Distributional Reinforcement Learning for Efficient Exploration
This work addresses the challenge of exploration in RL for applications like gaming and autonomous driving, presenting an incremental improvement over existing distributional RL methods.
The paper tackles the problem of efficient exploration in deep reinforcement learning by proposing a method that uses a decaying schedule to suppress intrinsic uncertainty and an exploration bonus from upper quantiles of the learned distribution. It results in outperforming QR-DQN in Atari 2600 games with a 483% average gain in cumulative rewards and achieving near-optimal safety rewards twice as fast in a CARLA driving simulator.

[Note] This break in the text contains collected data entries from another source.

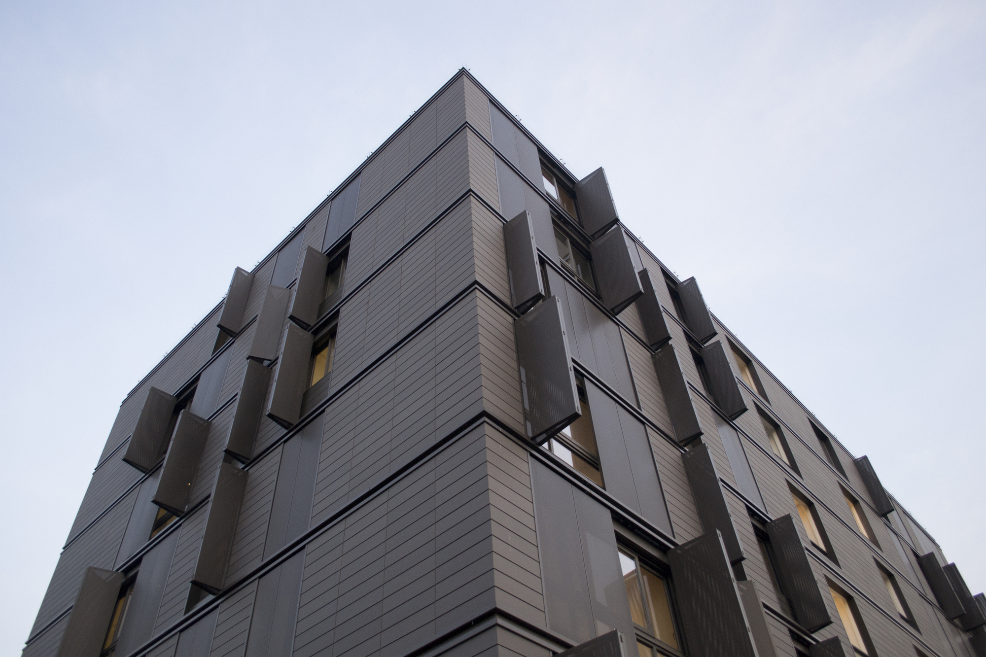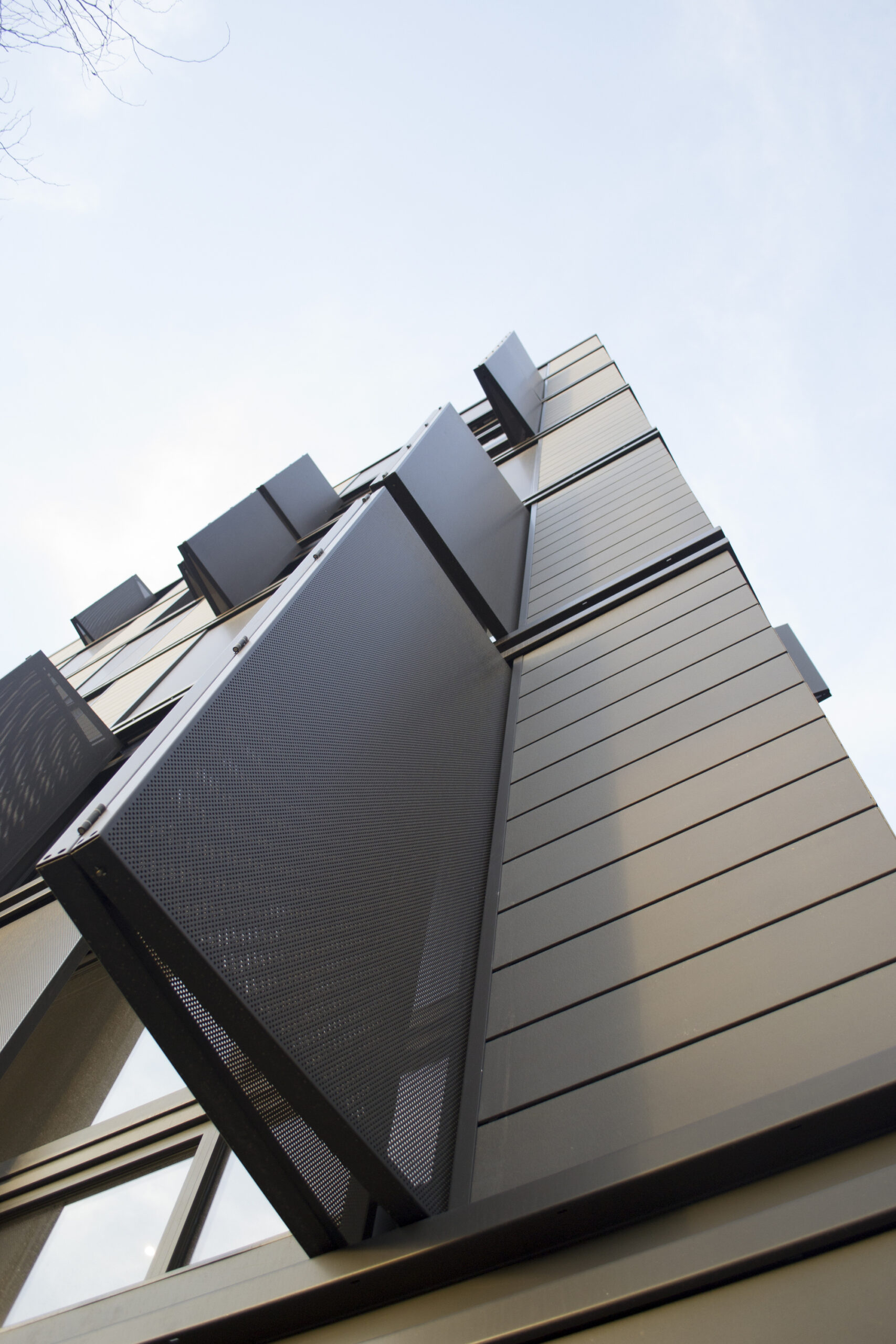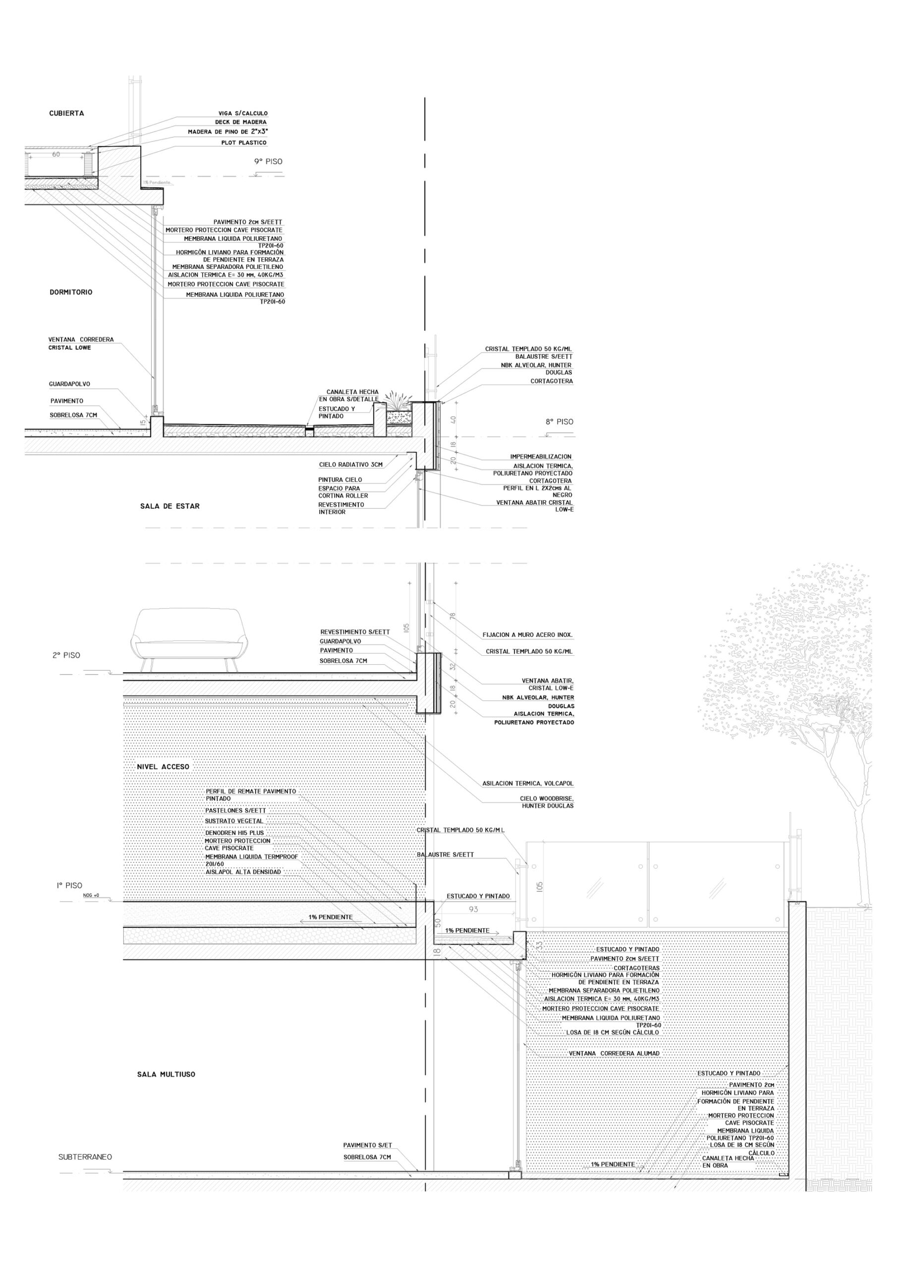 The Project was thought of considering the highest standards of passive thermal confort in order to minimize the necessity for thermal conditioning equipment. To achieve this, all facades have incorporated flame retardant sprayed polyurethane, as well as clay alveolar palmettes attached through metallic profiles to create the effect of ventilated facades. Solar control is achieved using cristal Low E type thermopanel windows, which were preceeded by microperforated metallic blinds. These elements have a double objetive. In the first place, they sift the light and control the amount of incoming heat of different spaces. Furthermore, these panels give the facades a kinetic effect, depending on the hour of the day and the specific use the owners give to each different area.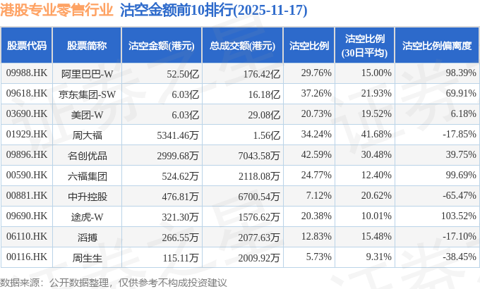 由于港股人民币柜台交易股票成交金额较小,沽空比例普遍偏高,为了避免干扰,已将人民币柜台交易股票从排行表格中剔除。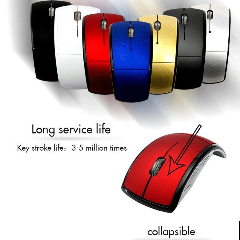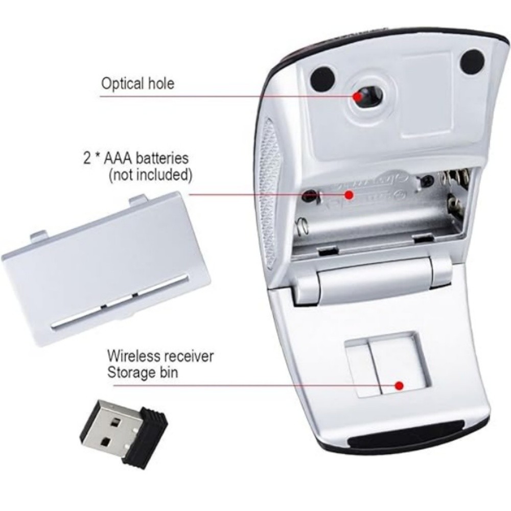 This wireless laptop mouse features an ergonomic foldable design with soft rubber grips that conform to either your right or left hand for natural comfort. Its contoured, sweat-resistant, and skin-friendly finish provides maximum comfort and support.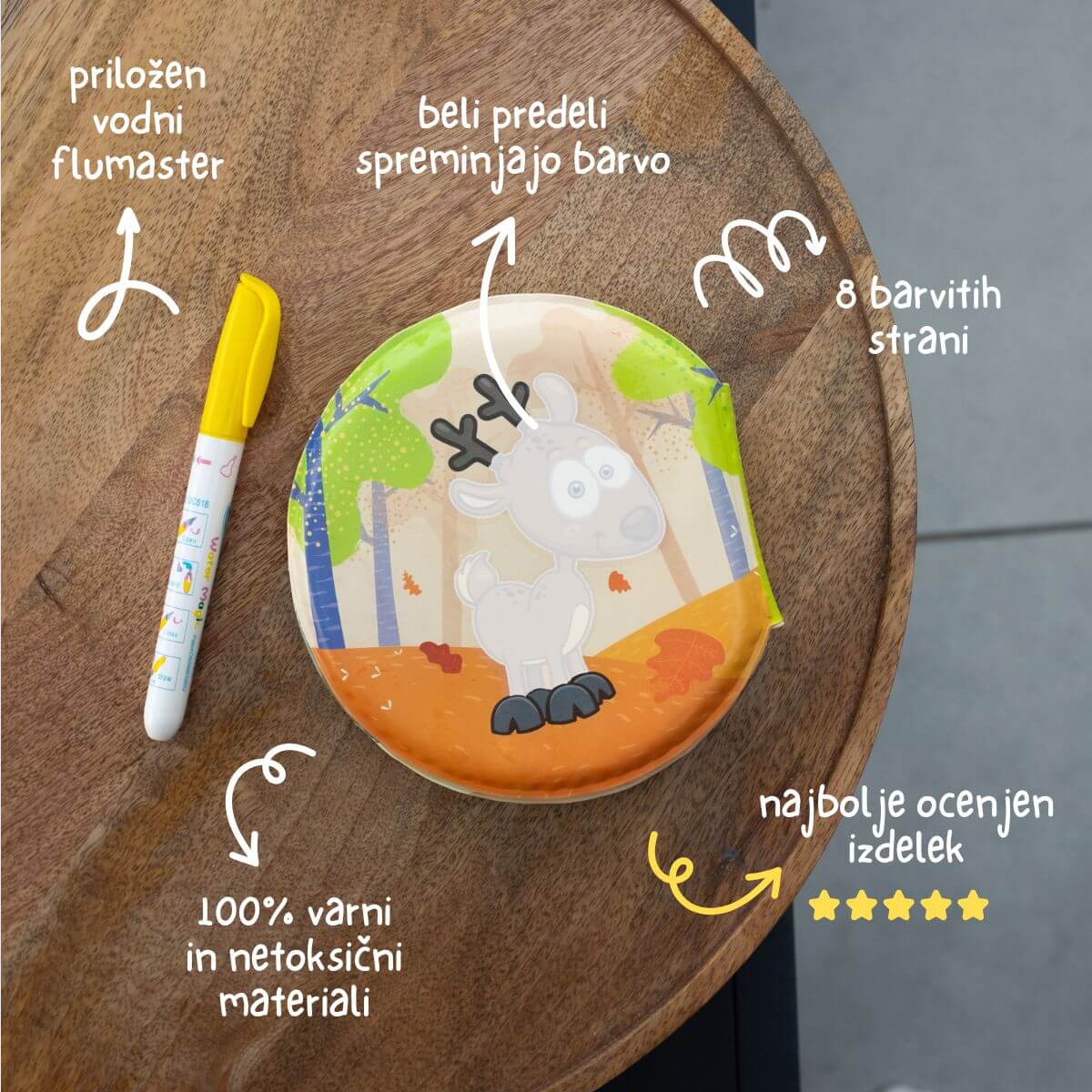 Hledáte způsoby, jak podpořit vaše batole v tvoření hodiny a hodiny, bez nepořádku, špíny a znečištění? Měkká vodní knížka se vybarví přiloženým vodním fixem nebo prsty a objeví se nádherné barvy tropických zvířátek. Po několika minutách stránky uschnou a můžete je vybarvovat znovu a znovu. Knížka je vhodná i pro večerní koupání nebo hru v bazénu. Pro nespočet vybarvování. Bezpečné pro malé ručičky a zvědavá kousnutí.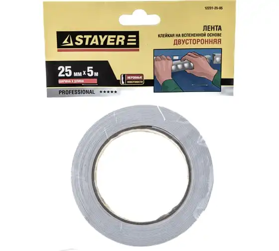Лента PROFI клейкая двусторонняя, на вспененной основе (5 м; 25 мм; белая) STAYER 12231-25-05
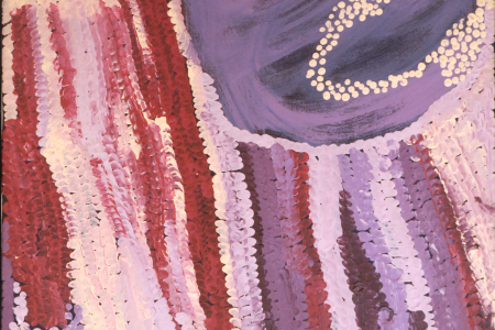 La jeune communauté de Martumili regroupe des artistes d’Australie Occidentale qui pour la plupart ne sont entrés en contact avec les Européens qu’à partir des années 1960. C’est la cas de Bugai Whyoulter qui vécut longtemps une vie nomade le long de la Canning Stock Route, une route mythique qui s’étend sur 2000 km à travers les déserts du Great Sandy, du Little Sandy et de Gibson.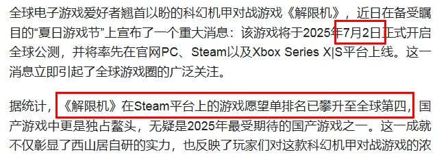 2、从短期来看市场非常期待的重磅《解限机》的上线计划是否有更新?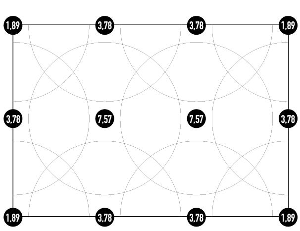 Prendiamo ad esempio l’impianto nell’immagine sottostante, dove abbiamo collocato i nostri irrigatori Hunter Ps Ultra con raggio 3 mt e annotato nel cerchio le rispettive portate.

In distributional reinforcement learning (RL), the estimated distribution of value function models both the parametric and intrinsic uncertainties. We propose a novel and efficient exploration method for deep RL that has two components. The first is a decaying schedule to suppress the intrinsic uncertainty. The second is an exploration bonus calculated from the upper quantiles of the learned distribution. In Atari 2600 games, our method outperforms QR-DQN in 12 out of 14 hard games (achieving 483 \% average gain across 49 games in cumulative rewards over QR-DQN with a big win in Venture). We also compared our algorithm with QR-DQN in a challenging 3D driving simulator (CARLA). Results show that our algorithm achieves near-optimal safety rewards twice faster than QRDQN.